Muristerone A increases Bcl-x_L mRNA and protein expression. Analysis of Bcl-x_L protein levels by Western blot demonstrated that incubation of RKO cells with 3 μM muristerone A for 24 h upregulates the amount of Bcl-x_L protein (lane 2 compared with lane 1). Induction of apoptosis by recombinant hFasL (10 ng/ml) led to a dramatic decrease in Bcl-x_L levels in RKO cells (lane 3), presumably due to the previously described cleavage by activated Casp-3.^{41, 42} When the cells were preincubated with muristerone A before addition of FasL, Bcl-x_L protein levels were stabilized and did not vanish (lane 4). The control incubation of the membrane with anti-actin antibody proves equal protein loading. The lower part of the figure shows bcl-x_L mRNA levels in RKO cells, as determined by Northern blot analysis. Cells were incubated for 24 h with 3 μM muristerone A and/or with 20 ng/ml FasL for 4 h. Treatment of cells with muristerone A increased bcl-x_L mRNA levels, a result that confirmed the data obtained by gene expression profiling with Affymetrix oligonucleotide arrays (see Table 1). 18S and 28S rRNAs are displayed as loading controls. Both Western blot and Northern blot experiments were repeated twice with similar results

We then analyzed bcl-x_L mRNA levels in RKO cells upon muristerone A treatment to find out whether the increase in Bcl-x_L protein is due to transcriptional upregulation of the gene.

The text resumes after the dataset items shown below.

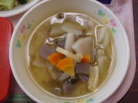 今日の給食の献立は、ごはん、牛乳、ハンバーグおろしソースがけ、ブロッコリー、田舎汁です。
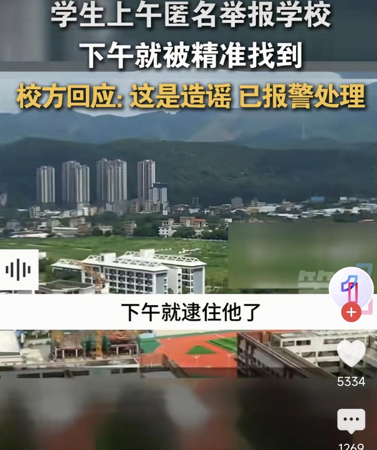 学生上午举报学校下午就被精准找到!校方回应:这是造谣!但愿这是造谣,不然太可怕了!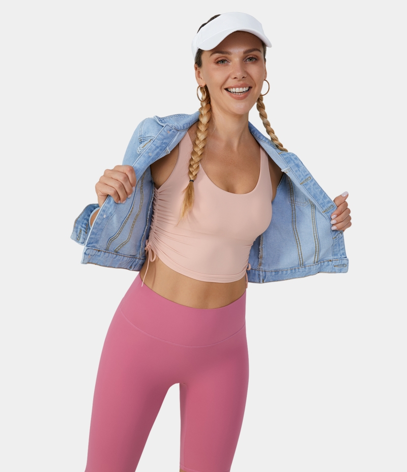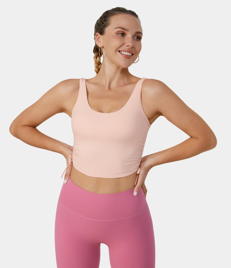 :: Halara U Neck Side Drawstring Cropped Yoga Tank Women's Tops Delicacy | BCSKNFA-80

As shown in Figure 5, addition of muristerone A results in enhanced bcl-x_L mRNA amounts in the absence or presence of recombinant hFasL. As a conclusion, muristerone A stimulates bcl-x_L mRNA transcription, leading to elevated Bcl-x_L protein levels.

In addition to its established mitochondria-related antiapoptotic activity, Bcl-x_L has been implicated in the inhibition of Casp-8 activation after treatment of cells with the death ligand TRAIL.⁴⁵ Such data are consistent with our observation that muristerone A induces upregulation of Bcl-x_L and prevents Casp-8 activation after apoptotic death receptor triggering.

Muristerone A influences gene expression in mammalian carcinoma cells

Mammalian steroid hormones bind to nuclear hormone receptors and thereby activate gene transcription.⁴⁶ Since muristerone A protects human RKO cells from apoptosis only after several hours of preincubation, it is reasonable to assume that this and other ecdysone analogs influence mammalian gene regulation. We therefore analyzed the gene expression profile of untreated and muristerone A-treated RKO cells (the latter with or without incubation with hFasL for 24 h) using the Affymetrix oligonucleotide array HG-U95A. Some of the results are presented in Table 1.

Table 1 Differentially expressed genes in RKO cells treated with muristerone A and hFasL

Incubation of RKO cells with muristerone A did indeed influence gene expression. Table 1 shows a selection of differentially expressed genes. Notably, bcl-x_L mRNA was upregulated upon muristerone A treatment, which is consistent with our finding that Bcl-x_L RNA and protein levels were elevated in RKO cells incubated with the hormone.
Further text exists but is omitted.